The employer argued that since the employee had been off work for four months prior to her dismissal, her absence after the dismissal had not been caused by that dismissal. The judge, Peter Clark, distinguished an actual dismissal where loss of earnings might not be awarded from a constructive dismissal. Constructive dismissal covered a whole series of events, not just the last straw (in this case failure to deal with her grievance properly) some of which were the instances of bullying and overwork which gave rise to the sickness absence in the first place. In those circumstances, the course of conduct by the employer amounted to a breach of the implied term, formed part of the constructive dismissal and thus the employee's ill health caused by that breach was to be treated as a consequence of the dismissal leading to loss of earnings.
15. Share Options
McCarthy v McCarthy & Stone PLC 2007 EWCA Civ 664
The Court of Appeal has upheld the earlier judgment of the High Court in this case that the Company's discretion to allow or deny exercise of options to its employee after leaving employment had to be exercised on the strict terms of the relevant option plan rule. The Company did not have any discretion to modify the proportion of an option that could be exercised under the rule once its exercise has been permitted. The Company also had a right of restitution of amounts of PAYE and NICs paid on the former employee's gains on the exercise of the options. The option terms lacked an express contractual obligation for the employee to reimburse these items.
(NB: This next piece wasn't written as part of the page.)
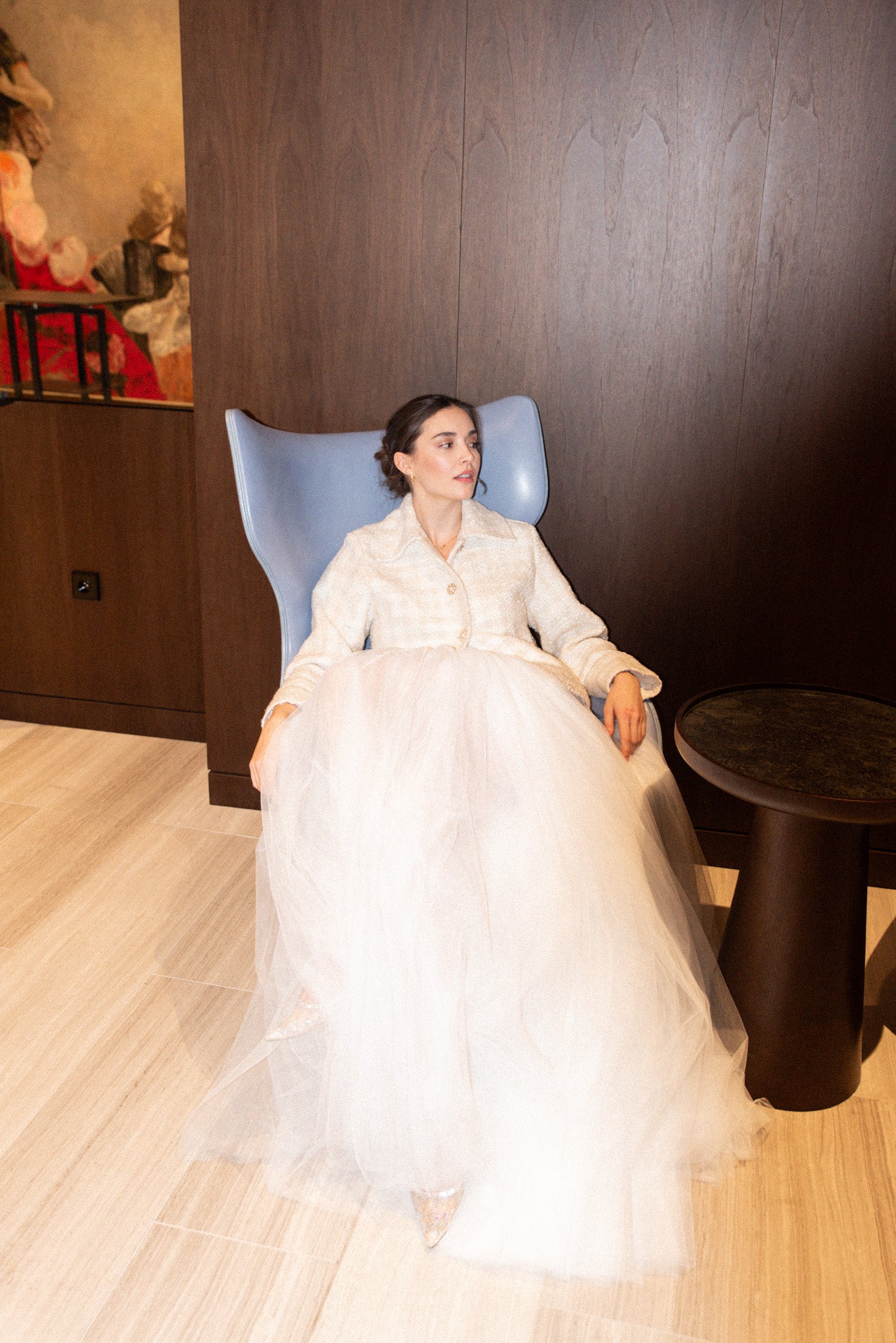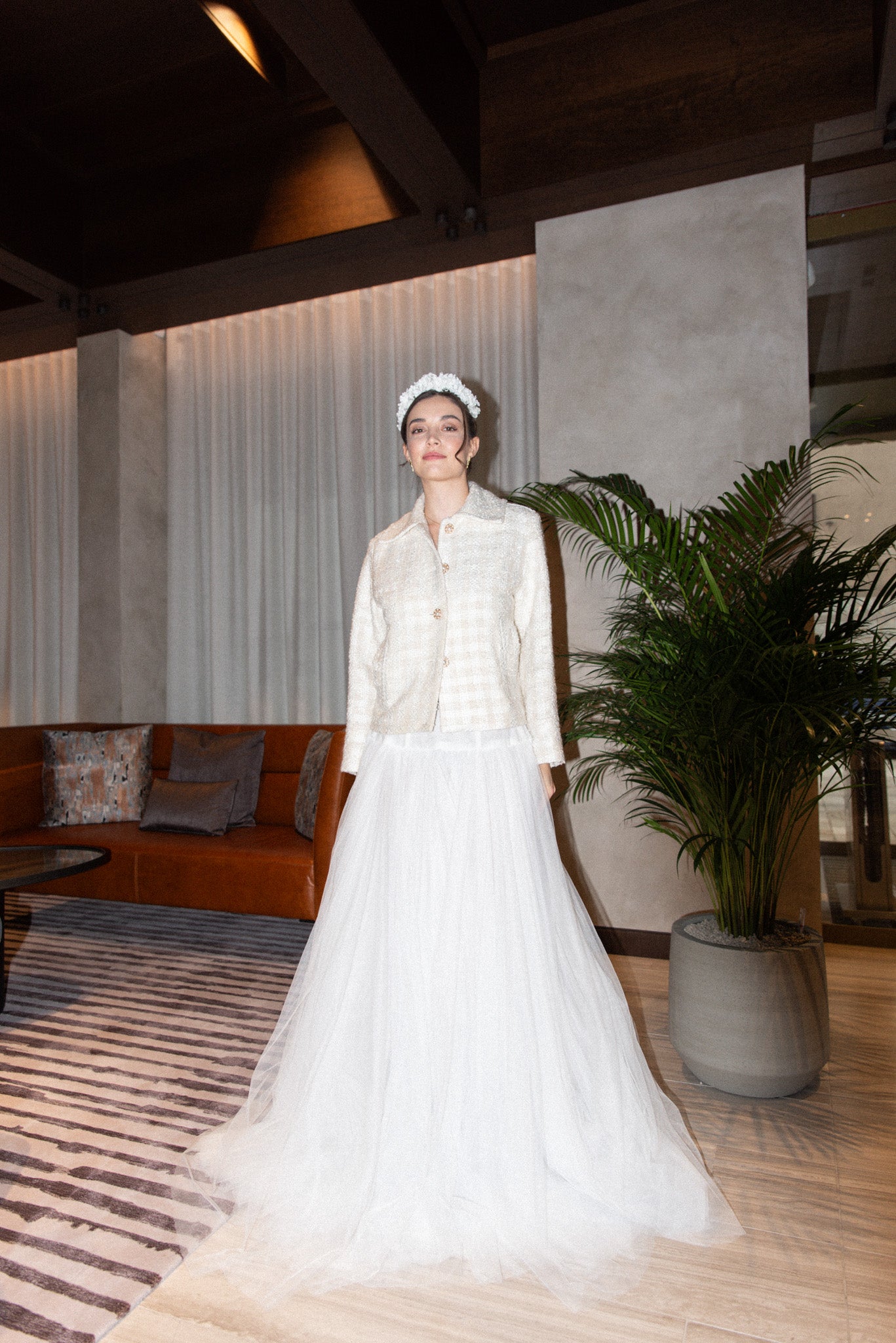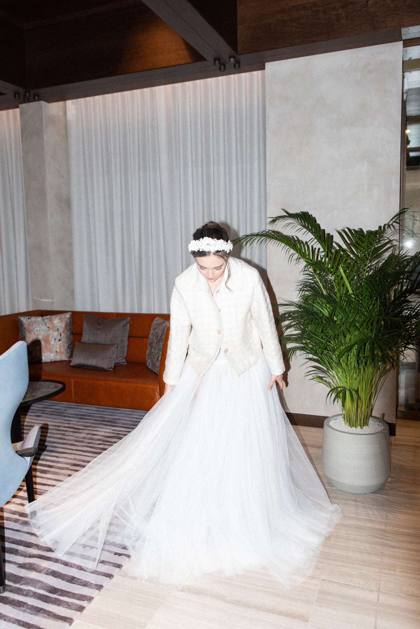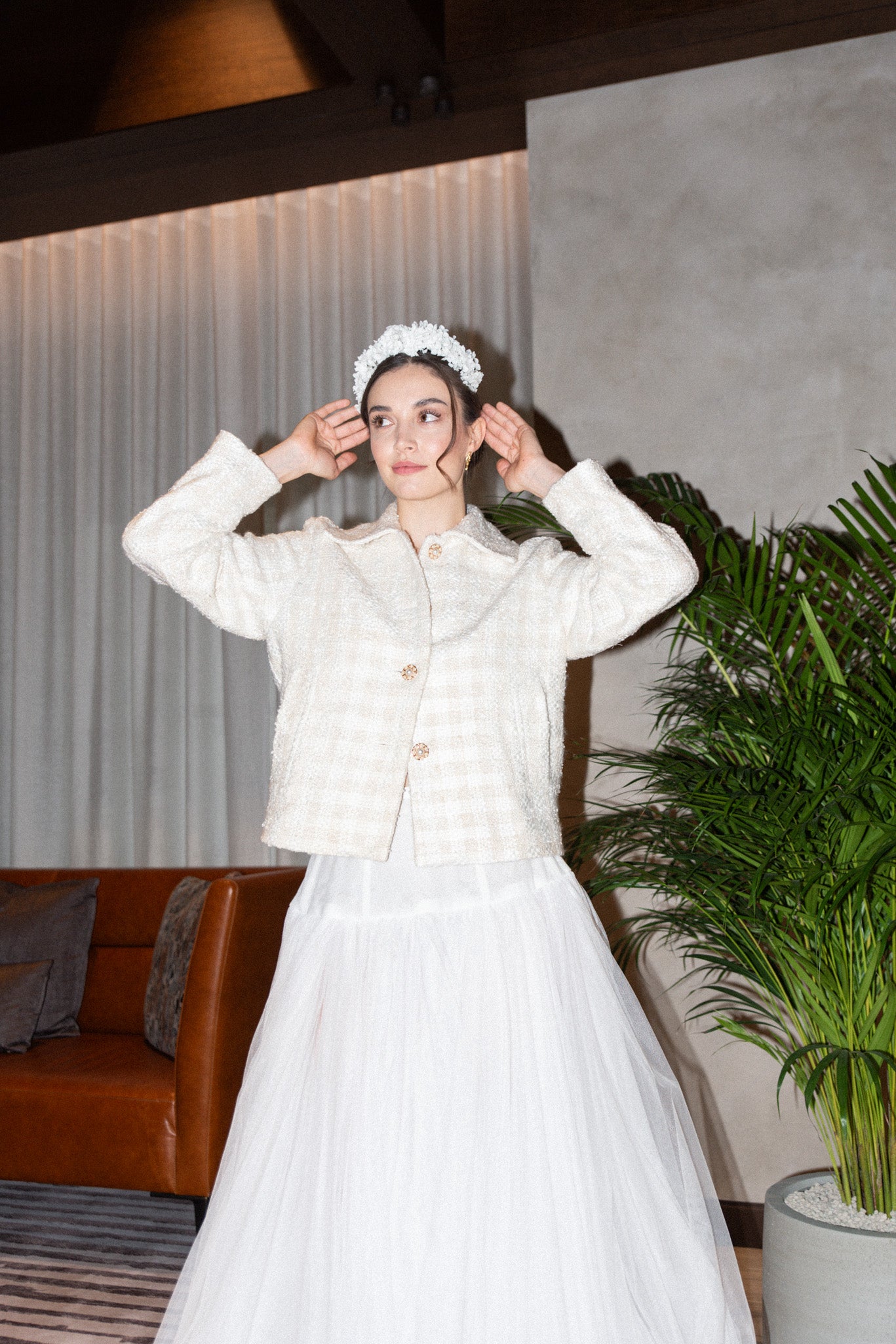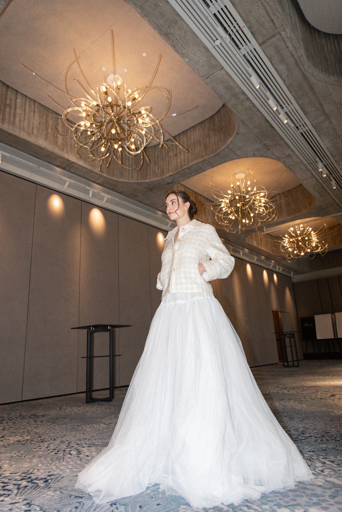 Majestátní tylová svatební sukně s výrazným objemem a bohatým řasením od boků. Sukně je inspirovaná klasickou spodničkou, ale v moderním, vzdušném pojetí. Díky několika vrstvám jemného tylu působí lehce, průsvitně a zároveň vytváří nádherný siluetový efekt při pohybu. Spousta materiálu zajišťuje skutečně slavnostní dojem a pocit výjimečnosti.

Whilst in the future, an employee would find it difficult to resist repaying amounts of PAYE and NICs, it is always important to ensure that any plan rules or stand alone share incentive awards, include a provision for recovery of tax and NIC liability.
16. Damages for Employees' lack of notice
Davis v Pyrz UK EAT/0304/06
This case concerned a Polish nanny who worked for Ms Davis but the relationship did not work out and Ms Pyrz left without giving notice. The case went all the way to the Employment Appeal Tribunal after Ms Davis pursued her rights for notice and unpaid bills. These types of personal issues frequently arise in employment situations within the home. Parties should be prepared to cater for such circumstances which are not anticipated at the outset. The EAT highlighted the extent that those issues between the parties were capable of falling within a tribunal's jurisdiction, in particular, the damages for breach of duty of fidelity. Ms Davis could not therefore recover the cost of a computer repair or the claim for a stolen CD and skirt but could recover for an unpaid telephone bill and airline ticket. Ms Davis was entitled to the difference between the amount she would have paid Ms Pyrz if the National Minimum Wage Act had been complied with and the amount that had to be paid to the stand in nanny. A difference of some £13.85 as damages
17. TUPE 2006 - Service Provision Changes
Hunt v Storm Communications Limited and Others ET/2702546/06
This is the first instance of an Employment Tribunal case which considered the provisions relating to service provision changes in TUPE 2006 in which it was found that they applied when a client changed PR agencies. The case may be appealed but does give some useful pointers on the approach tribunals are taking to these provisions.
The case concerned a Ms Hunt, who was an account manager for Storm, who was left in the lurch when the PR contract was awarded to a new provider. She claimed that she was transferred under TUPE. The tribunal held that whilst the provision of PR services was not a stable economic entity, there was a service provision change under Regulation 3(1)(b)(ii) of TUPE.